= Exercise brief =
Every record, apart from its pictures, should be repeated exactly.

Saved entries
"""

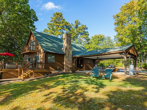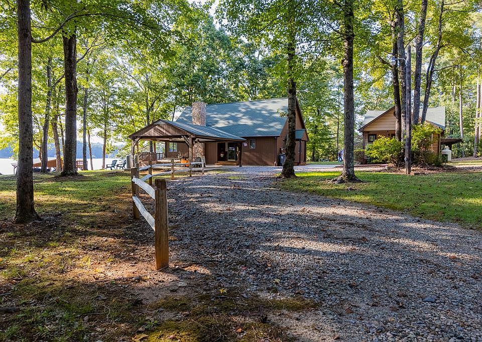 Tis the season for lake living and this adorable non-subdivision waterfront charmer is ready for your vision! This sprawling non-subdivision property is .97 acre and widens where it matters with more than 300 ft of waterfront that slopes deep providing shallow area for young children to play but deep water for dock jumping! The main home features 3 bedrooms with 2 full baths and an unfinished full basement. The "little house" has one designated room, a full bath and kitchenette. The mostly level lot has room to expand or grow, add a pool or just love the room to roam (waiting on septic location confirmation). Furnished! A fun location at the mouth of Lizard Creek but sitting back enough to provide a safe location for kids of all ages to enjoy ! Double boathouse w/ jet ski lift, sundeck, bulkheaded shoreline, well maintained decking, carport and shed! This lot will capture you!
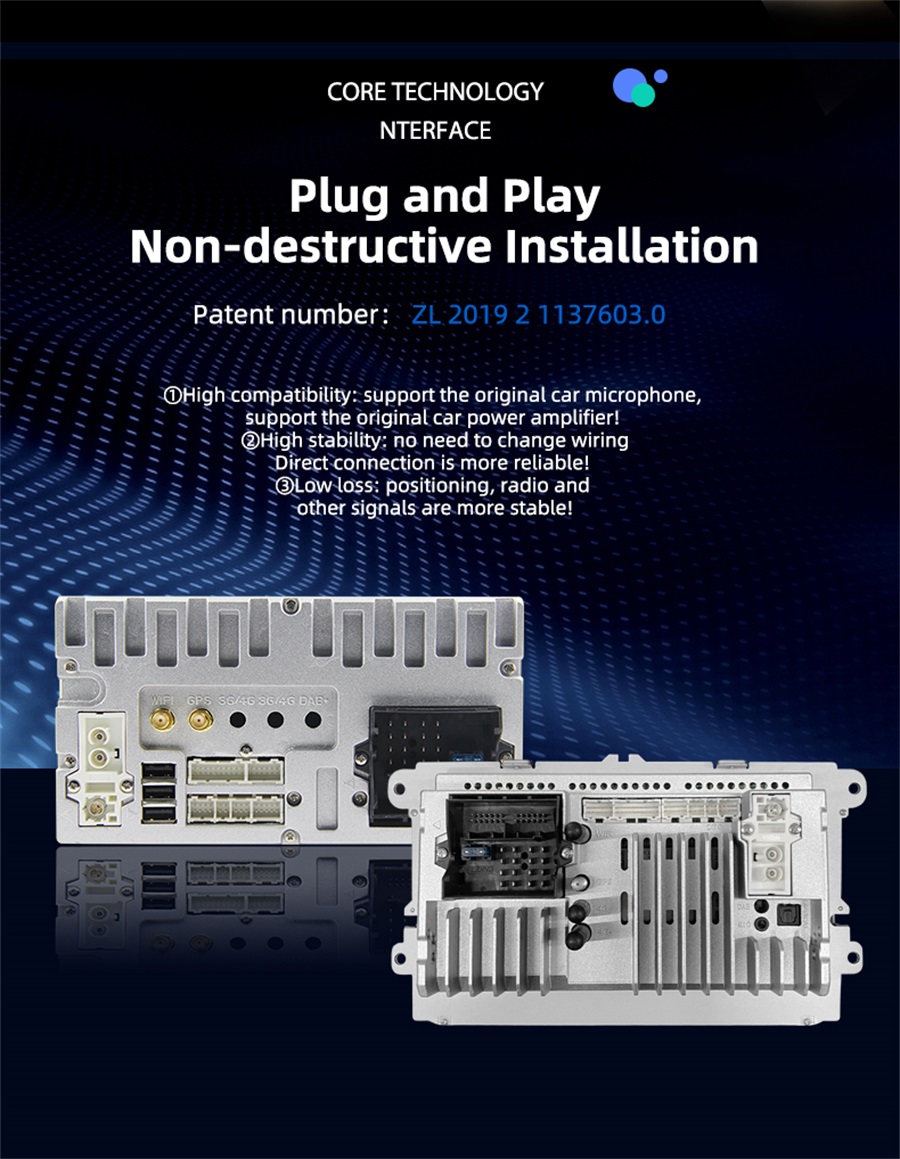 - Position: 3 USB auf dem Rücken, kann als Media/3G/4G/Kamera/DAB+/TPMS/Handy Anschluss
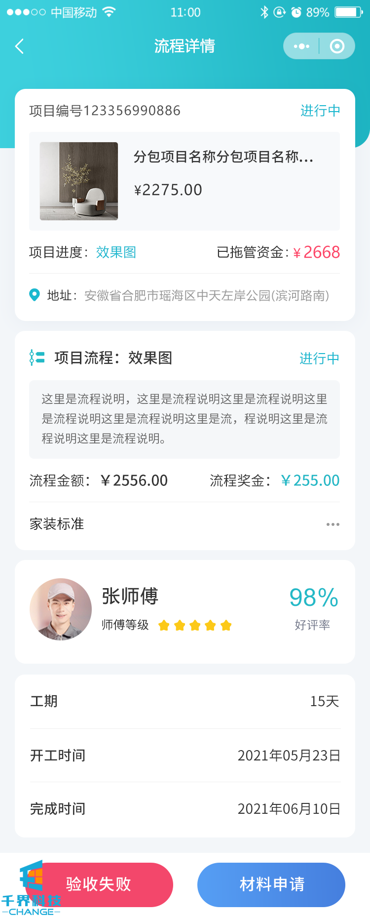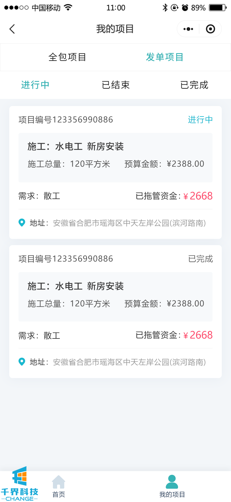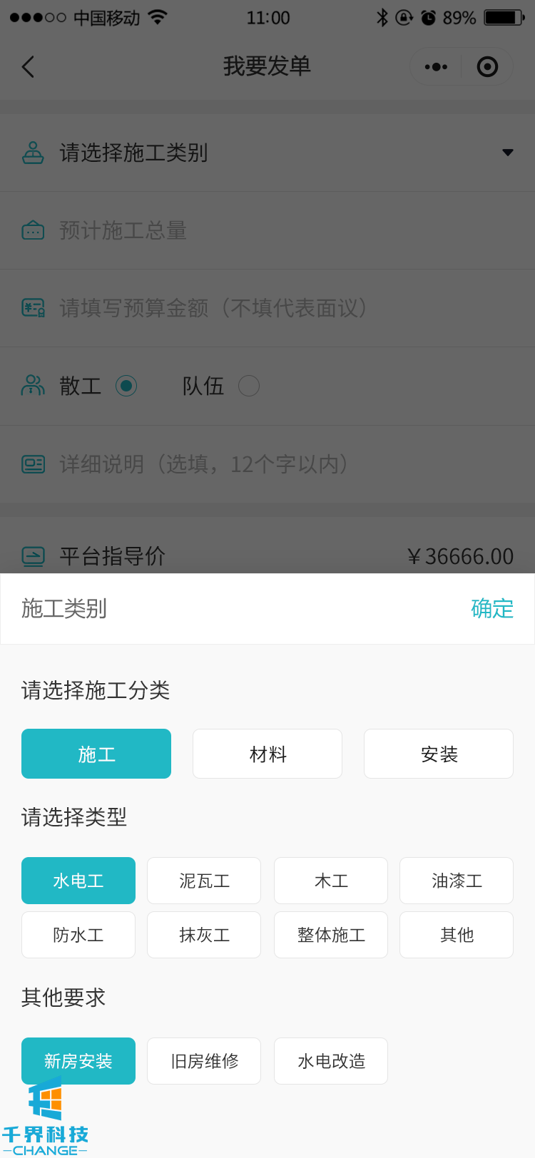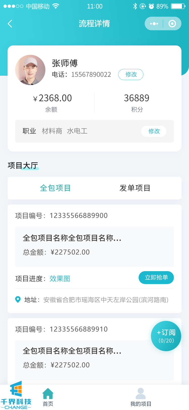 該項目一個(gè)家裝小程序,平臺有分包和整包,分包是用戶(hù)在前端下單,對應的師傅進(jìn)行接單,整包是后臺進(jìn)行發(fā)包,每個(gè)節點(diǎn)的師傅相應的報名接單
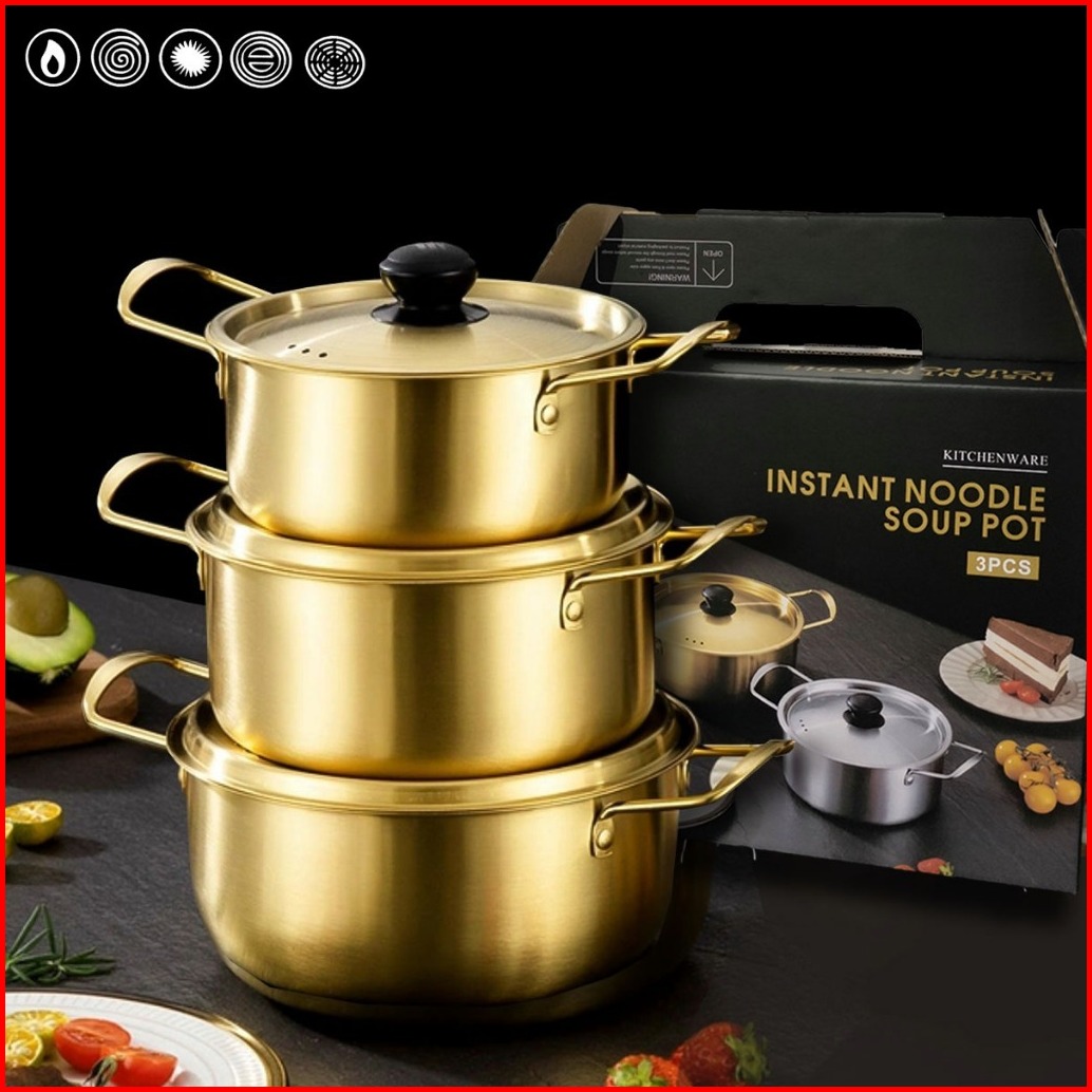 Hampers House Panci Korea Set 3in1 Panci Ramen Silver 3in1 Panci Ramen Korea Premium Panci Rebus Dengan Tutup 3in1
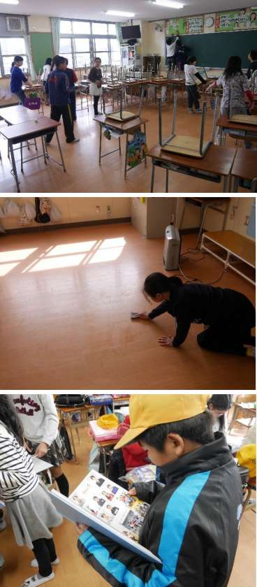 6年生は午後から教室の整備と清掃をおこないました。最後の学級活動で、卒業アルバムをもらいました。小学校での最後の通知表をもらい下校しました。
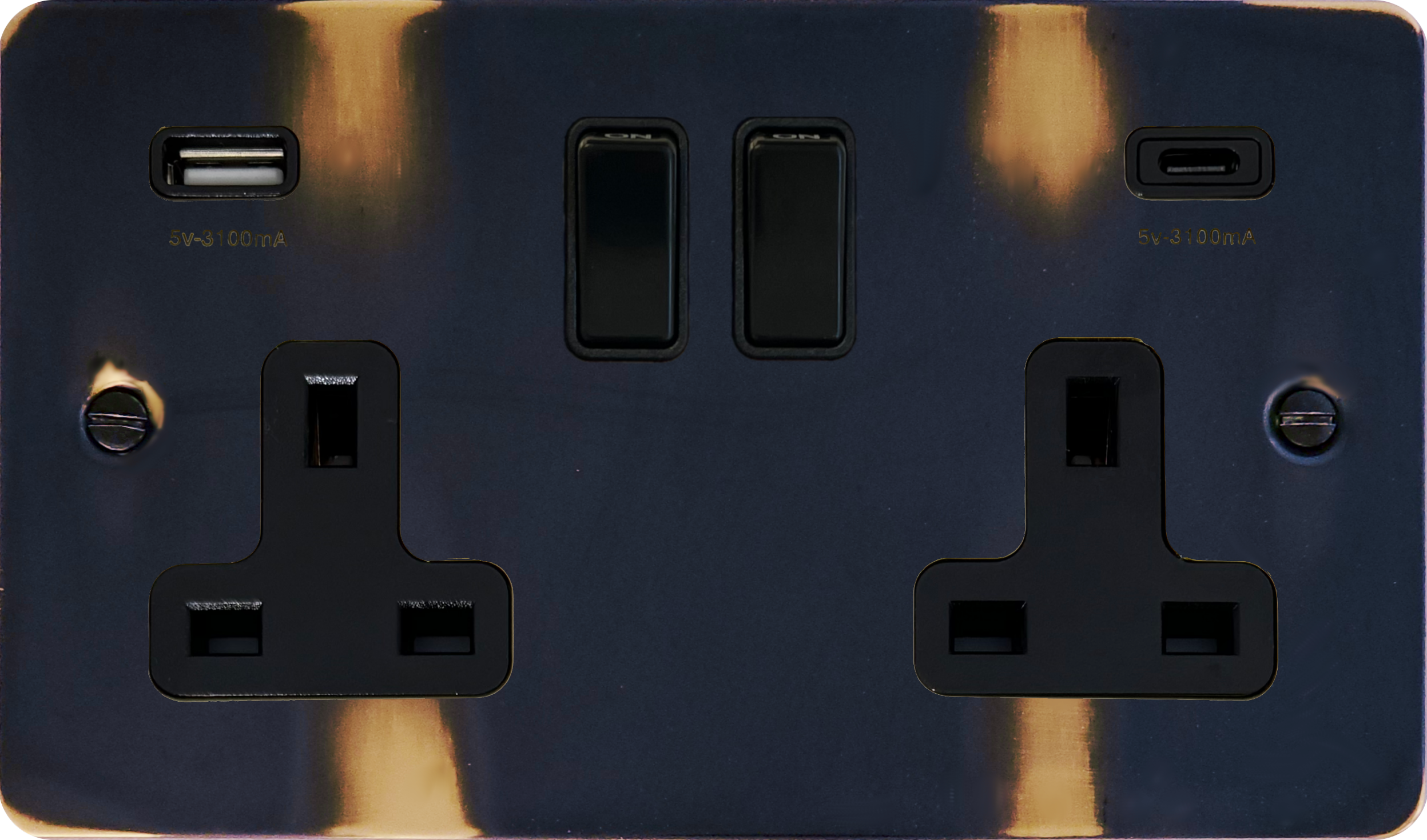 Flat Aged Double Socket with USB (USB-A and USB-C/Black Switches) - G+H FAN911B

"""

= Answer to this task =
 Tis the season for lake living and this adorable non-subdivision waterfront charmer is ready for your vision! This sprawling non-subdivision property is .97 acre and widens where it matters with more than 300 ft of waterfront that slopes deep providing shallow area for young children to play but deep water for dock jumping! The main home features 3 bedrooms with 2 full baths and an unfinished full basement. The "little house" has one designated room, a full bath and kitchenette. The mostly level lot has room to expand or grow, add a pool or just love the room to roam (waiting on septic location confirmation). Furnished! A fun location at the mouth of Lizard Creek but sitting back enough to provide a safe location for kids of all ages to enjoy ! Double boathouse w/ jet ski lift, sundeck, bulkheaded shoreline, well maintained decking, carport and shed! This lot will capture you!
 - Position: 3 USB auf dem Rücken, kann als Media/3G/4G/Kamera/DAB+/TPMS/Handy Anschluss
 該項目一個(gè)家裝小程序,平臺有分包和整包,分包是用戶(hù)在前端下單,對應的師傅進(jìn)行接單,整包是后臺進(jìn)行發(fā)包,每個(gè)節點(diǎn)的師傅相應的報名接單
 Hampers House Panci Korea Set 3in1 Panci Ramen Silver 3in1 Panci Ramen Korea Premium Panci Rebus Dengan Tutup 3in1
 6年生は午後から教室の整備と清掃をおこないました。最後の学級活動で、卒業アルバムをもらいました。小学校での最後の通知表をもらい下校しました。
 Flat Aged Double Socket with USB (USB-A and USB-C/Black Switches) - G+H FAN911B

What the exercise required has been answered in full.